We present a single facet, or maybe even a few facets or our multifaceted lives as bloggers. I am just sharing a few more little facets:
Here is where we lived – in Fintas, which means “large water container” from what I have been told. When we first got to Kuwait, and I would tell my new friends where I lived, they would gasp and say “Fintas!” like it was the end of the world. On a good traffic morning, it only took us ten minutes to get from Fintas to Salmiyya, maybe 20 minutes to the airport. It takes a whole lot longer, we have found, just to get out of Jabriyya!

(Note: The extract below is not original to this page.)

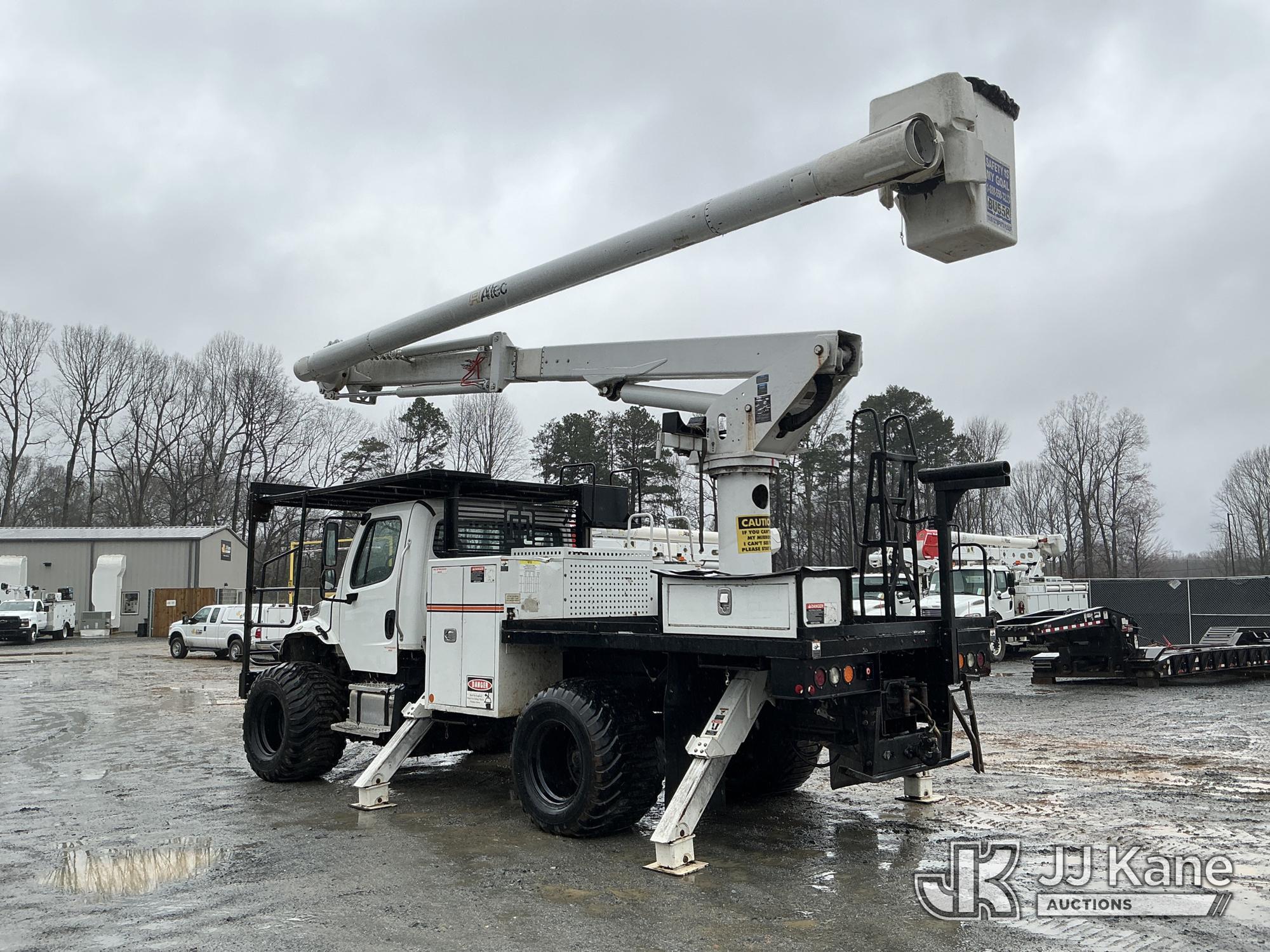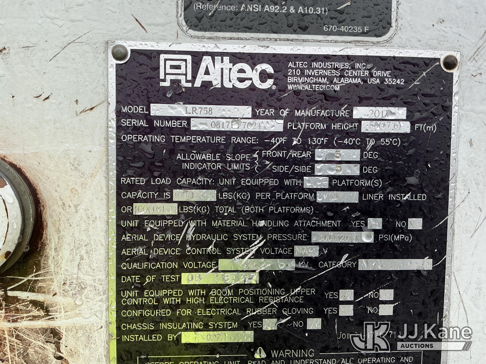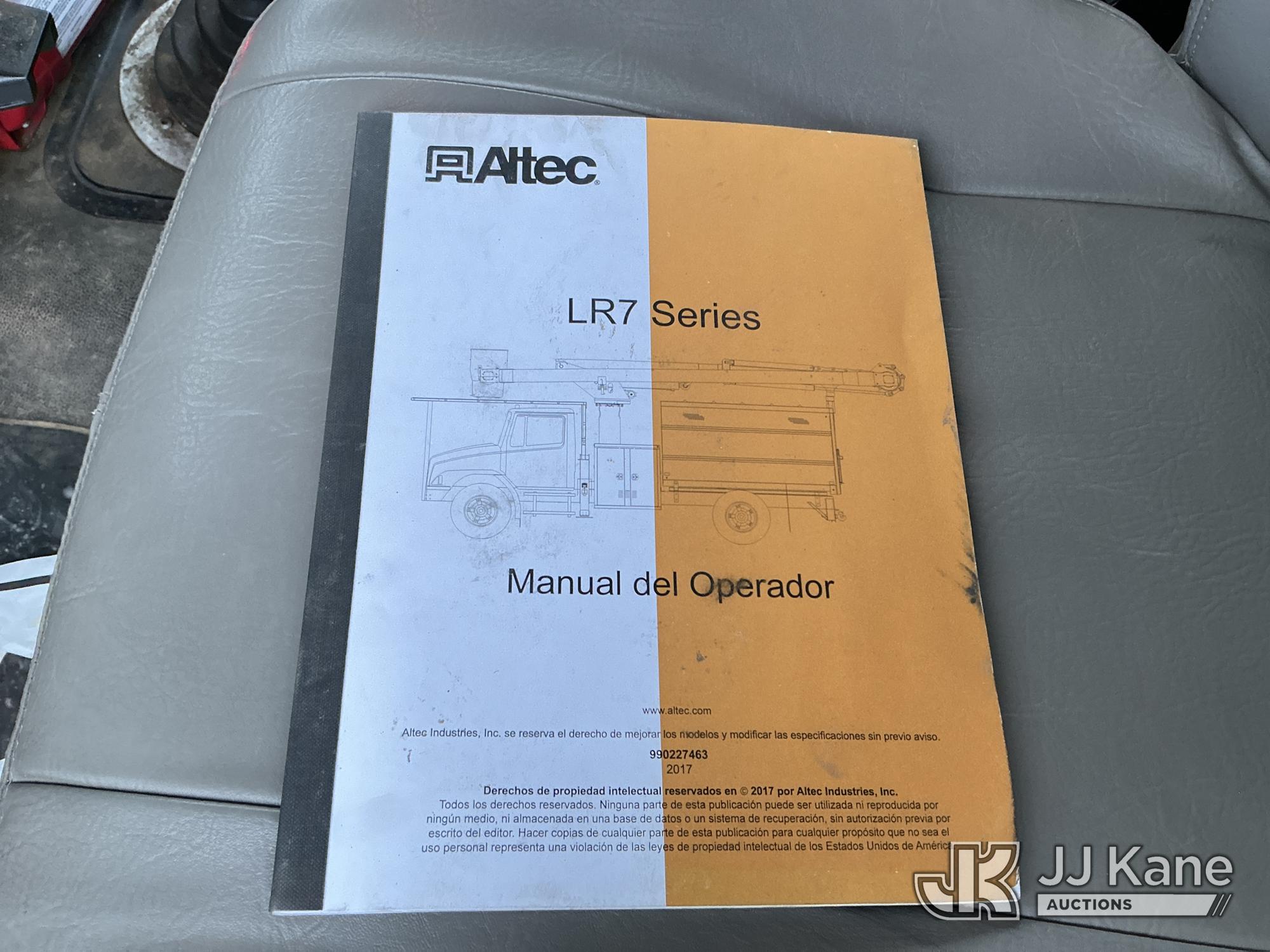Altec LR758RM, 63 ft, Articulating & Telescopic Bucket Truck s/n 0817FF7024, with single-man bucket, 4 hydraulic outriggers, rear mounted on 2018 Freightliner M2 Flatbed Truck, Cummins 6.7L Diesel 6-spd, A/C, with front & rear winch, 9 ft 7 in flatbed, (44,571 miles) (Runs, Moves & Upper Operates) (Jump To Star, Engine Light On, Engine Stop Light Light On) (Seller States: Needs New DEF System) This is a Titled Item*

This photo is taken from the pier in Eqaila Family Beach. My apartment was over the park and swimming pool. It was a never-ending source of lost hours for me, watching families, watching the school groups visit. My favorite is the families of ladies in abayas who would bring inner-tubes and float in the shallows on the hot days, keeping cool, keeping covered.
I have a good Kuwaiti friend who would tell me that when he was growing up, Fintas was just a small beach place, a place he and his friends would camp out in the hot Kuwait summers. There was just a tree or two, and a shack on the beach, he told me. He also used to camp on the empty beaches of Salmiyya. (!) I loved listening to his old Kuwait stories.
This was my living room. It had great light from morning ’till night. No, none of this is my furniture, except all the bookcases. 🙂 It was a furnished apartment.

This was my kitchen, which I loved because it was well planned, had great light and great shelf spaces. It also had a great place to store/display all my baskets:

This is Little Diamond’s bedroom, which was also my project room, this is what my project room usually looked like:

Here is a photo of one of the best parts – the moon rising over the Gulf, right outside my window, and shimmering over the park:

This is what I look like:

Here is my other blog:
World in Stitches
I haven’t asked my husband if I can share his photo. When I get a chance, I will ask, and if he says OK, I will show you a photo of him, too. 🙂
You know what Pete looks like!
Pet Peeve
Well, it’s not so much a pet peeve as a personal preference. When I arrived in Doha, I found “sets” in all my bathrooms.

They weren’t garish, as you can see, they were just there, thick and fluffy, a toilet seat cover, a toilet mat, a bidet mat and a bathmat. None of them had rubber backings, which I consider a basic for a bathmat, which I DO like.
The others, I just consider dust catchers, and worse – unsanitary. Germ catchers. I took them all off, even though they were all brand new, I like the cleaner to be able to really clean all the bathrooms.
When I went to put them in the cupboard, the cupboard almost exploded with totally new “sets” all of which had been taken off by former corporate occupants. It is a total hoot.
I have asked AdventureMan to ask what is needed to get rid of these – if the sponsor wants them back (eeeewwwwwwww!) or if I can put them out for the trash guys who can sell them to someone who will sell them in the weekend market?
We also have a cupboard full of used DVD and Video players; I think previous occupants have been afraid to get rid of them. Another cupboard with four broken coffee makers, LLLOOOLLL.